Grinderman was formed by vocalist and guitarist Nick Cave, multi-instrumentalist Warren Ellis, bassist Martyn P. Casey and drummer Jim Sclavunos, as a side project to Nick Cave and the Bad Seeds, in 2006. The band released its debut eponymous album, Grinderman, in 2007 on Mute Records. The album charted in ten countries upon its release and reached number 1 on the US Billboard Heatseekers Albums. Following a short break to focus on Nick Cave and the Bad Seeds fourteenth studio album, Dig, Lazarus, Dig!!! (2008), the band released its second studio album, Grinderman 2 in 2010. A major critical success, the album resulted in five singles and extensive touring over a two-year-period.
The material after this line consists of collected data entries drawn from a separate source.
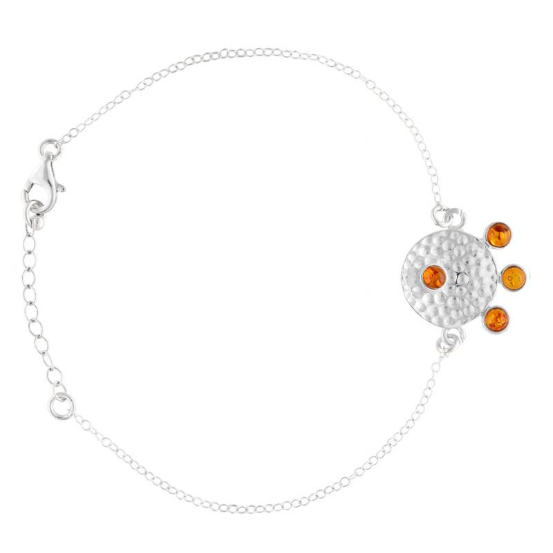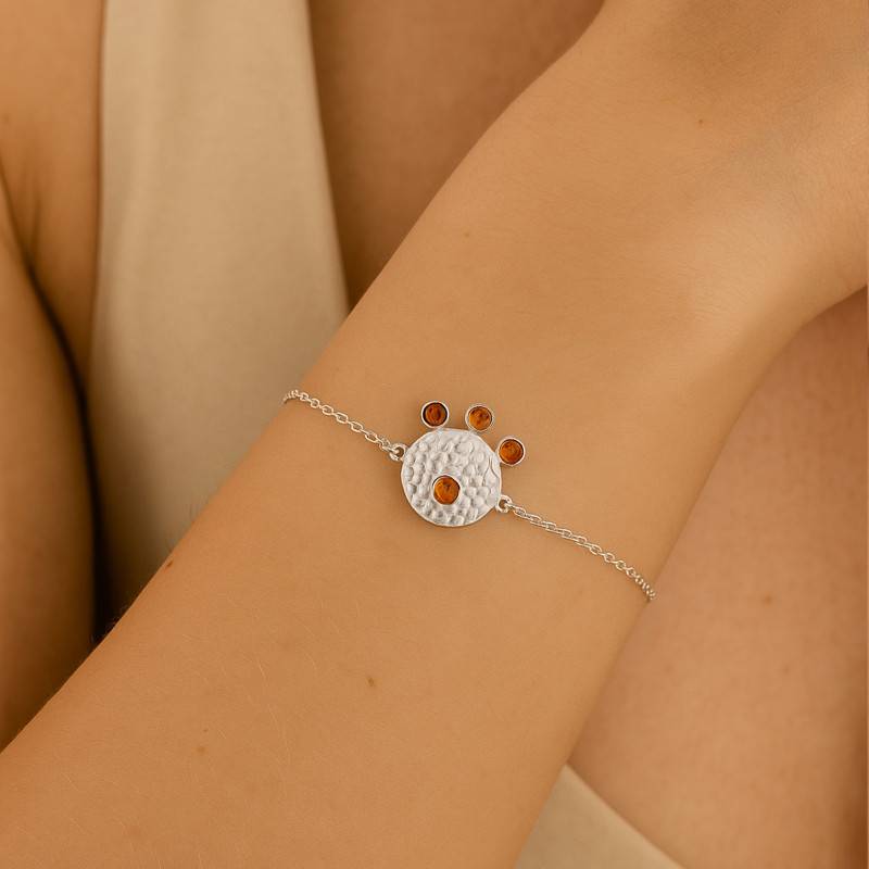 Le Bracelet Médaille Martelée en Argent 925 & Ambre allie modernité et tradition. Réalisé en argent massif 925/1000, il présente une surface martelée à la finition polie et brillante. Sa médaille martelée est d'une épaisseur de 0,5 mm. Ses quatre pierres d'ambre apportent une touche lumineuse et chaleureuse. Grâce à sa longueur ajustable de 16 à 18 cm et à son poids léger de 2,60 g, il offre un confort optimal tout en sublimant le poignet. Le fermoir mousqueton garantit un maintien sûr et discret.
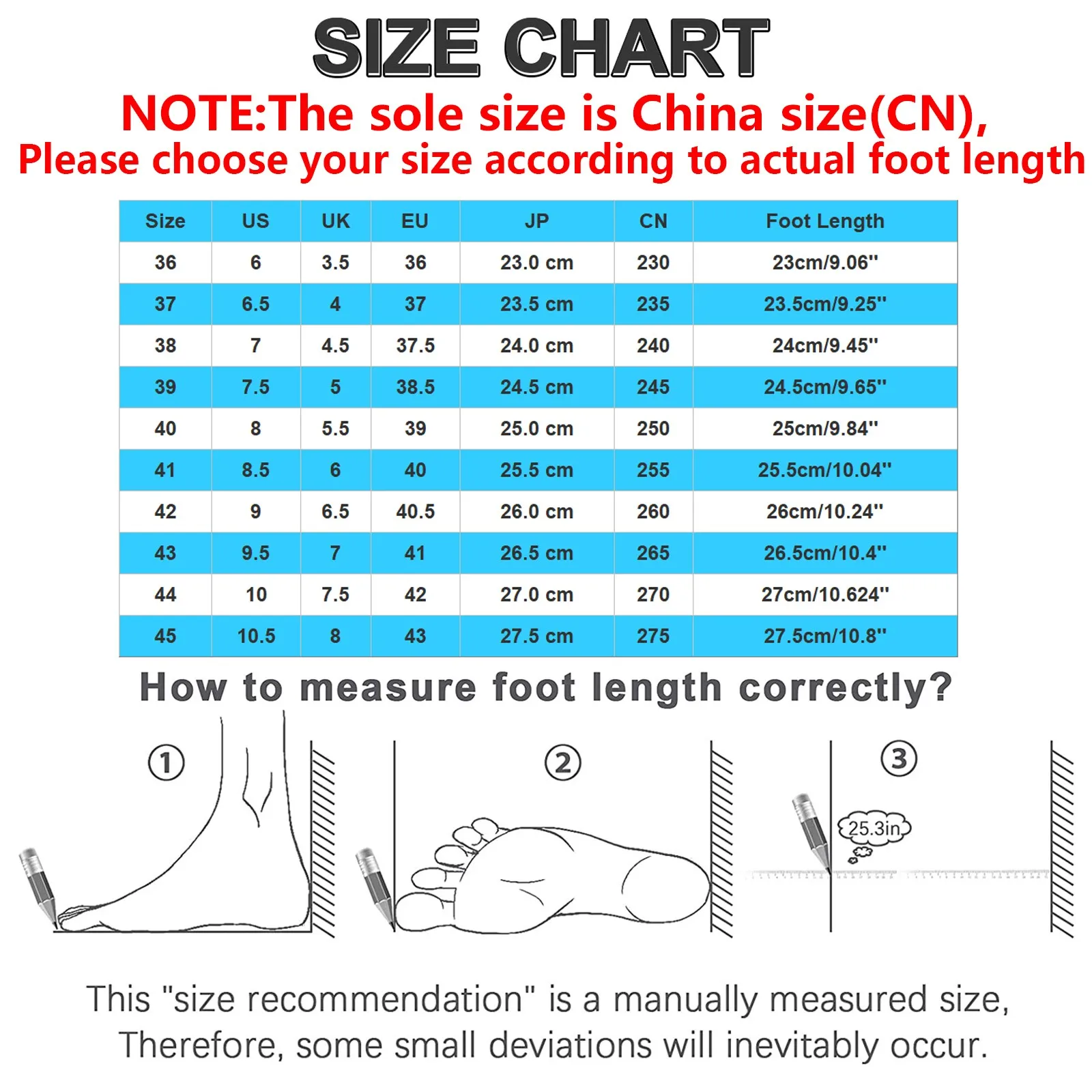 Note: The size mark on the shoes is Chinese size. We suggest you choose the right size according to the foot length
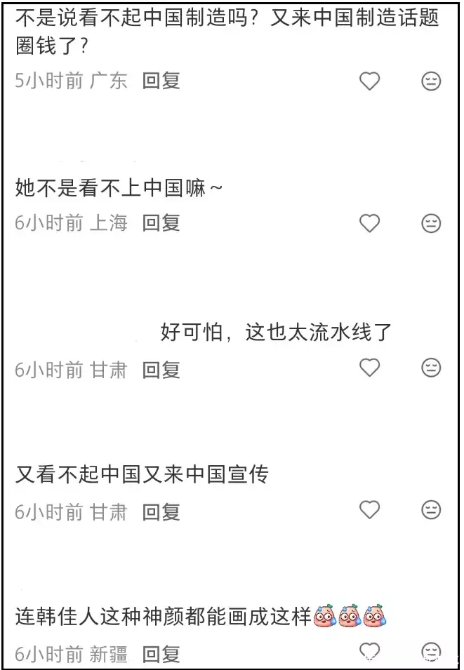 发现端倪的中国网友直接就在韩佳人评论区提出质疑,纷纷抵制她在中国平台圈钱。

Grinderman disbanded in December 2011 following a performance at the Meredith Music Festival in Victoria, Australia to focus on The Bad Seeds upcoming material. However, Jim Sclavunos has since said: "I can't predict what the future of Grinderman is – if there is a future."

Grinderman and Grinderman 2 were moderate commercial successes, charting in a number of countries within the first week of their releases. Grinderman has been certified Gold in Greece, with sales of over 6,000 copies. Collectively, the band's two studio albums have sold 88,000 copies in the United States, according to Nielsen SoundScan.

==Albums==

===Studio albums===

| Year | Details | Peak positions |  |  |  |  |  |  |  |  |  | Sales | Certifications (sales thresholds) |
| AUS | BEL | GER | FRA | IRL | NLD | NZD | SWE | UK | US |
| 2007 | Grinderman Released: 7 March 2007; Labels: Mute (272), ANTI- (86861-2); Formats: CD, LP, digital download; | 14 | 6 | 55 | 102 | 15 | 35 | 38 | 18 | 23 | 150 | GRE: 6,000+; US: 88,000^{[I]}; | GRE: Gold; |
| 2010 | Grinderman 2 Released: 13 September 2010; Labels: Mute (299), ANTI- (87110-2); Formats: CD, LP, digital download; | 9 | 1 | 26 | 38 | 23 | 16 | 15 | 24 | 14 | 38 |  |

===Remix albums===

| Year | Details | Peak positions |
BEL
| 2012 | Grinderman 2 RMX Released: 26 March 2012; Labels: Mute (299), ANTI- (87198-1); Formats: CD, LP, digital download; | 71 |

==Singles==

===Retail singles===

Year: Single; Peak positions; Album
FRA: UK
2007: "Get It On"; —; —; Grinderman
"No Pussy Blues": —чцюф; 64
"(I Don't Need You To) Set Me Free": —; —
2010: "Heathen Child"; 41; —; Grinderman 2
"Worm Tamer": 52; —
2011: "Palaces of Montezuma"; —; —
"Evil"^{[II]}: —; —
2012: "Mickey Mouse and the Goodbye Man"; —; —

===Promotional singles===

| Year | Single | Album |
|---|---|---|
| 2007 | "When My Love Comes Down"^{[III]} | Grinderman |
| 2008 | "No Pussy Blues" remixes^{[IV]} | Non-album single. |

== Other appearances ==

=== Studio ===

| Year | Song | Album | Notes | Reference |
|---|---|---|---|---|
| 2008 | "Dream (Song for Finn)" and "Song for Frank" | Palermo Shooting | Original songs |  |

=== Guest ===

| Year | Song | Artist | Album | Notes | Reference |
|---|---|---|---|---|---|
| 2008 | "Just Like a King" | Seasick Steve | I Started Out with Nothin and I Still Got Most of It Left | Co-written by Nick Cave and featuring Cave on vocals, Jim Sclavunous on drums and Warren Ellis on fiddle |  |

==Music videos==

Year: Title; Director
2007: "No Pussy Blues"; John Hillcoat
"Electric Alice"
"Grinderman"
2010: "Heathen Child"
"Evil"
2011: "Mickey Mouse and the Goodbye Man"; Ilinca Höpfner

==Notes==
- I Sales figure represent sales of both Grinderman and Grinderman 2, as of December 2011.
- II Limited edition release only, released on Record Store Day 2011.
- III Promotional CDR also featuring "Depth Charge Ethel" and "Electric Alice."
- IV Promotional CDR featuring remixes by G.e.R.M., Midfield General, Adam Freeland, T.Raumschmiere and Electronic Periodic.